Pour lui, ce fut comme mourir sur scène. Le 29 octobre 2006, Ahmet Ertegun et son épouse, Mica, assistaient à un show privé de ses amis les Rolling Stones organisé au Beacon Theatre de New York, dans un splendide décor Art Déco, quoique un peu défraîchi, pour les soixante ans de Bill Clinton. Le genre d’événement musical et mondain que le fondateur d’Atlantic Records, petit producteur indépendant de jazz et de rhythm and blues devenu un des plus grands labels du rock mondial, n’aurait manqué pour rien au monde. Tous les soirs, ou presque, depuis que, jeune fils d’un diplomate turc, il s’était dévergondé dans les boîtes de Harlem, ruisselantes de sons, de sueur et de sensations, on voyait sa courte silhouette, ses lunettes rondes, sa barbichette, ses blazers bleus impeccablement coupés, ses pantalons blancs sans faux plis, généralement cernée de jolies femmes, se découper sous les sunlights du dernier endroit où il fallait être. Yeux mi-clos, un whisky-soda toujours à portée de main, étrangement calme au milieu des déhanchements des danseurs et des ricanements de ses convives, son attention se focalisait d’abord sur la musique. Lorsqu’un groupe ou un chanteur lui plaisait, celui que tout le monde du disque appelait Ahmet pouvait l’écouter jusqu’au bout de la nuit.

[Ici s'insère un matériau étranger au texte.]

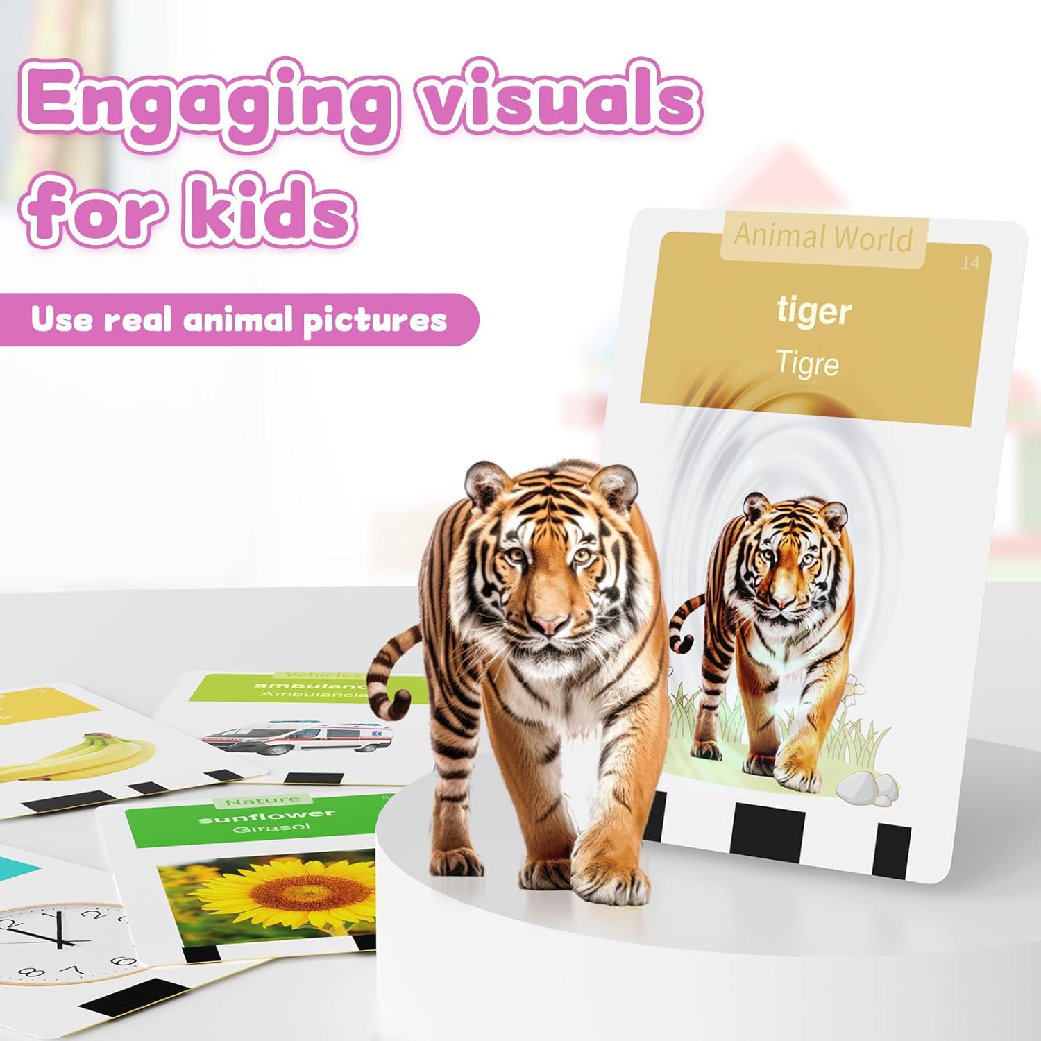 - Elevate your child's learning experience with the Toddler Bilingual Flash Card Machine – an innovative and interactive tool that perfectly combines fun and education! Designed for children ages 3 to 6, these cards use local pronunciations to read 288 English and Spanish vocabulary words, supporting bilingual language development. Each card features clear pronunciation and engaging visuals, making learning a joyful and immersive experience

A quatre-vingt-trois ans, sa passion, et son génie, c’était toujours de découvrir encore à l’état brut la nouvelle perle rare qui viendrait grossir les ventes d’Atlantic. Mais ce soir là, au Beacon Theatre, une mauvaise chute sur la tête dans des toilettes mal éclairées allait mettre fin à une vie qui a façonné le décor musical de l’Amérique d’après-guerre. Le 18 décembre 2006, en présence de Recep Erdogan, le Premier ministre turc, Ahmet Ertegun était enterré selon le rite musulman à Istanbul, sur la rive asiatique du Bosphore, celle où il était né le 31 juillet 1923. La cérémonie que ses amis new-yorkais lui consacrèrent six mois plus tard allait être beaucoup moins intimiste. Wynton Marsalis, Solomon Burke, Eric Clapton, Phil Collins, Bette Midler, Mick Jagger, Crosby, Stills & Nash, Neil Young, Ben E. King et tant d’autres artistes révélés par son label se succédèrent pendant trois heures sur la scène du Rose Theater, au Time Warner Center, en présence du maire de la ville, Michael Bloomberg, et du vieux complice noctambule du défunt, Henry Kissinger. Si Ahmet avait été là, écrit en substance Eric Clapton dans son autobiographie, nul doute qu’il aurait trouvé ça un peu court et proposé à toute la bande d’aller ensuite écumer quelques lieux branchés à la recherche d’un talent caché – ce qu’il avait pris l’habitude de dénommer, élégante pochette plantée sur le veston et cravate bien serrée autour du cou, « the real shit ».